▶ [INFORMATION PROVIDED]
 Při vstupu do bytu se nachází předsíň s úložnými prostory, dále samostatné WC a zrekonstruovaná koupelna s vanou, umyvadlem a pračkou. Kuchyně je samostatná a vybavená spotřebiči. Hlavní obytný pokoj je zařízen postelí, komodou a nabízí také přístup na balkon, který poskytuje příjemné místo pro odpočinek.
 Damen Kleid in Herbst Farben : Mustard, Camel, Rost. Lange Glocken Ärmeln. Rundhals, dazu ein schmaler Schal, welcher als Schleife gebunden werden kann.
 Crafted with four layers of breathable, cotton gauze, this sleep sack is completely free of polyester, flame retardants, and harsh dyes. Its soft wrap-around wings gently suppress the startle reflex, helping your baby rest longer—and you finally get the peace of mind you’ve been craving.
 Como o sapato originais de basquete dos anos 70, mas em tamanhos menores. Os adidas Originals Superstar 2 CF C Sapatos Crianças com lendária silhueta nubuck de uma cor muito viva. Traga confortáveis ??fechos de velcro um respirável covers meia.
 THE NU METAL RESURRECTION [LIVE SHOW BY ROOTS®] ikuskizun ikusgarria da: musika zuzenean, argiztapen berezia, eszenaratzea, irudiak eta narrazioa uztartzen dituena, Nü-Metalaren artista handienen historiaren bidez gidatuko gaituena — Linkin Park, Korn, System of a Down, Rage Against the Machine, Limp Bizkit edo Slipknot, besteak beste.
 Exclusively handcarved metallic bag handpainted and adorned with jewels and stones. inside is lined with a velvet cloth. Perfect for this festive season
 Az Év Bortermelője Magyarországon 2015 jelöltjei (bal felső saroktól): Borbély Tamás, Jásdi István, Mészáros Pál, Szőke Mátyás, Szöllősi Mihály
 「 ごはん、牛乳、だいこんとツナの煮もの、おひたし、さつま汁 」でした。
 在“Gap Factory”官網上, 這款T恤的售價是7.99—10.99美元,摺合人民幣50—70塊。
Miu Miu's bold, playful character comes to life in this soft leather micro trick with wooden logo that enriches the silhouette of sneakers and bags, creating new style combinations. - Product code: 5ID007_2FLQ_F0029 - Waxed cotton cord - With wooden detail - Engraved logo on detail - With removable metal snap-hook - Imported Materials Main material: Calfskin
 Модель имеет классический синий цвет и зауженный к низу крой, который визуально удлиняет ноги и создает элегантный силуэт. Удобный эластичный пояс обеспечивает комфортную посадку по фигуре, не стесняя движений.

▶ [PROBLEM TO WORK ON] In the records above, find the line containing "Crafted with four" and restate word for word every line from the first through that one.

▶ [YOUR SOLUTION]
 Při vstupu do bytu se nachází předsíň s úložnými prostory, dále samostatné WC a zrekonstruovaná koupelna s vanou, umyvadlem a pračkou. Kuchyně je samostatná a vybavená spotřebiči. Hlavní obytný pokoj je zařízen postelí, komodou a nabízí také přístup na balkon, který poskytuje příjemné místo pro odpočinek.
 Damen Kleid in Herbst Farben : Mustard, Camel, Rost. Lange Glocken Ärmeln. Rundhals, dazu ein schmaler Schal, welcher als Schleife gebunden werden kann.
 Crafted with four layers of breathable, cotton gauze, this sleep sack is completely free of polyester, flame retardants, and harsh dyes. Its soft wrap-around wings gently suppress the startle reflex, helping your baby rest longer—and you finally get the peace of mind you’ve been craving.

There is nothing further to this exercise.